Sunday, August 12, 2018

On Oracle's QA for MySQL

In my recent blog posts I presented lists of bugs, fixed and not yet fixed, as usual. Working on these lists side tracked me from the main topic of this summer - problems in Oracle's way of handling MySQL. Time to get back on track!

Among things Oracle could do better for MySQL I mentioned QA:
"Oracle's internal QA efforts still seem to be somewhat limited.
We get regression bugs, ASAN failures, debug assertions, crashes, test failures etc in the official releases, and Oracle MySQL still relies a lot on QA by MySQL Community (while not highlighting this fact that much in public)."
I have to explain these in details, as it's common perception for years already that Oracle improved MySQL QA a lot and invests enormously in it, and famous MySQL experts were impressed even 5 years ago:
"Lets take a number we did get the QA team now has 400 person-years of experience on it. Lets say the QA team was 10 people before, and now it is tripled to 30 people. That means the average QA person has over 13 years experience in QA, which is about a year longer than my entire post-college IT career."
I was in the conference hall during that famous keynote, and QA related statements in it sounded mostly funny for me. Now, 5 years later, let me try to explain why just adding people and person-years of experience may not work that well. I'll try to present some examples and lists of bugs, as usual, to prove my points.
Emirates Air Line in London lets you see nice views of London, and it costed a lot, but hardly it's the most efficient public transport system between the North Greenwich Peninsula and Royal Victoria Dock one could imagine.
  1. We still get all kinds of regression bugs reported by MySQL Community for every release, even MySQL 8.0.12. Here is the short list of random recent examples:
    • Bug #90209 - "Performance regression with > 15K tables in MySQL 8.0 (with general tablespaces)".
    • Bug #91878 - "Wrong results with optimizer_switch='derived_merge=OFF';".
    • Bug #91377 - "Can't Initialize MySQl if internal_tmp_disk_storage_engine is set to MYISAM".
    • Bug #90100 - "Year type column have index, query value more than 2156 , the result is wrong".
    • Bug #91927 - "8.0.12 no longer builds with Mac brew-installed ICU".
    • Bug #91975 - "InnoDB: Assertion failure: dict0dd.cc:1071:!fail".
    It means that Oracle's MySQL QA may NOT do enough/proper regression testing.
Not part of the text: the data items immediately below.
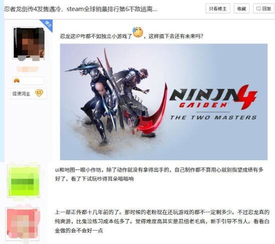 《忍者龙剑传4》热度不温不火的情况同样引发了玩家们的热烈讨论。一种看法是,这类传统硬核动作游戏的入门难度较大,再加上剧情表现没有特别突出之处,所以很难吸引到更多新玩家;而一些系列老粉丝则觉得,这款作品虽然保持了系列一贯的高品质战斗体验,但创新点不够多,因此难以带动更广泛的话题热度。
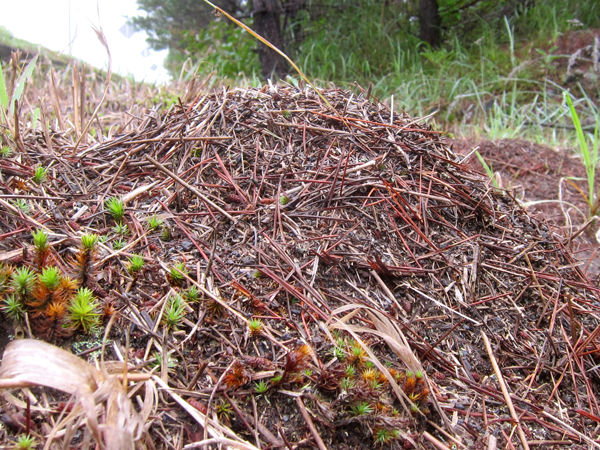 これはエゾアカヤマアリが作ったアリ塚です。
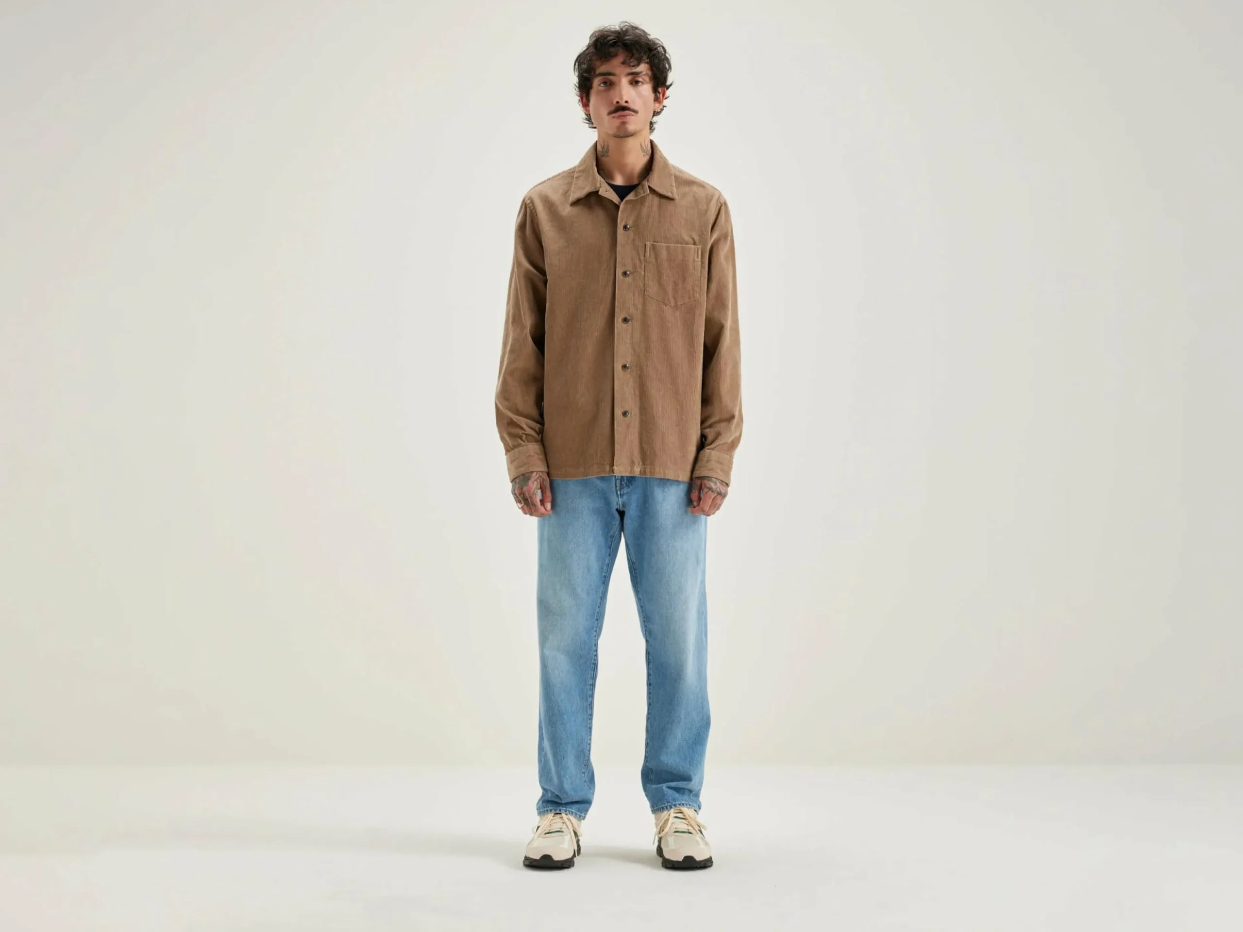 Klassiek overshirt van grijs corduroy katoen.
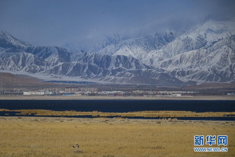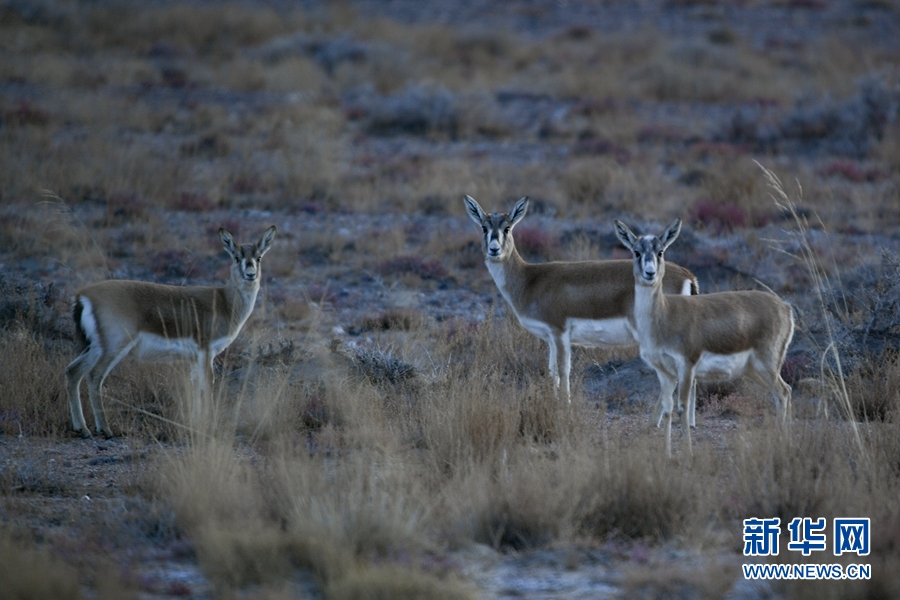 在都蘭湖國家濕地公園內(nèi)拍攝到的鵝喉羚。(11月21日攝)新華網(wǎng) 潘彬彬攝

We sometimes can not say this for sure, as Oracle hides some test cases. So, we, users of MySQL, just may not know what was the intention of some recent change (tests should show it even if the fine manual may not be clear enough - a topic for my next post).
  2. We still get valid test failure bugs found by MySQL Community members. Some recent examples follows:
    • Bug #90633 - "innodb_fts.ngram_1 test fails (runs too long probably)".
    • Bug #90608 - "rpl_gtid.rpl_perfschema_applier_status_by_worker_gtid_skipped_transaction fails".
    • Bug #90631 - "perfschema.statement_digest_query_sample test fails sporadically".
    • Bug #89431 - "innodb_undo.truncate_recover MTR test failing with a server error log warning". It's fixed, but only in MySQL 8.0.13.
    • Bug #91175 - "rpl_semi_sync_group_commit_deadlock.test is not simulating flush error ".
    • Bug #91022 - "audit_null.audit_plugin_bugs test always failing".
    • Bug #86110 - "A number of MTR test cases fail when run on a server with no PERFSCHEMA".
    For me it means that Oracle's MySQL QA either do not care to run regression tests suite properly, in enough combination of platforms, options and build types, or they do not analyze the failures they get properly (and release when needed, not when all tests pass on all platforms). This is somewhat scary.
  3. We still get crashing bugs in GA releases. It's hard to notice them as they are got hidden fast or as soon as they get public attention, but they do exist, and the last example, Bug #91928, is discussed here.
  4. It seems some tools that helps to discover code problems may not be used properly/regularly in Oracle. I had a separate post "On Bugs Detected by ASan", where you can find some examples. Lucky we are that Percona engineers test ASan builds of MySQL 5.7 and 8.0 regularly, for years, and contribute back public bug reports.
  5. Oracle's MySQL QA engineers do not write much about their work in public recently. I can find some posts here and there from 2013 and 2014, but very few in recent years. One may say that's because QA engineers are working hard and have no time for blogging (unlike lazy annoying individual like me), but that's not entirely true. There is at least one Oracle engineer who does a lot of QA and makes a lot of information about his work public - Shane Bester - who is brave enough and cares enough to report MySQL bugs in public. Ironically, I doubt he has any formal relation to any of QA teams in Oracle!
  6. A lot of real MySQL QA is still done by MySQL Community, while these efforts are not that much acknowledged recently (you usually get your name mentioned in the official release notes if you submitted a patch, but the fact that you helped Oracle by finding a real bug their QA missed is NOT advertised any more since last Morgan's "Community Release Notes" published 2 years ago). Moreover, only MySQL Community tries to make QA job popular and educate users about proper tools and approaches (Percona and Roel Van de Paar personally are famous for this).
To summarize, for me it seems that real MySQL QA is largely still performed by MySQL Community and in public, while the impact of hidden and maybe huge Oracle's investments in QA is way less clear and visible. Oracle's MySQL QA investments look like those into the Emirates Air Line cable car in London to me - the result is nice to have, but it's the most expensive cable system ever built with a limited efficiency for community as a public transport.

Saturday, August 4, 2018

Fun with Bugs #70 - On MySQL Bug Reports I am Subscribed to, Part VIII

More than 2 months passed since my previous review of active MySQL bug reports I am subscribed to, so it's time to describe what I was interested in this summer.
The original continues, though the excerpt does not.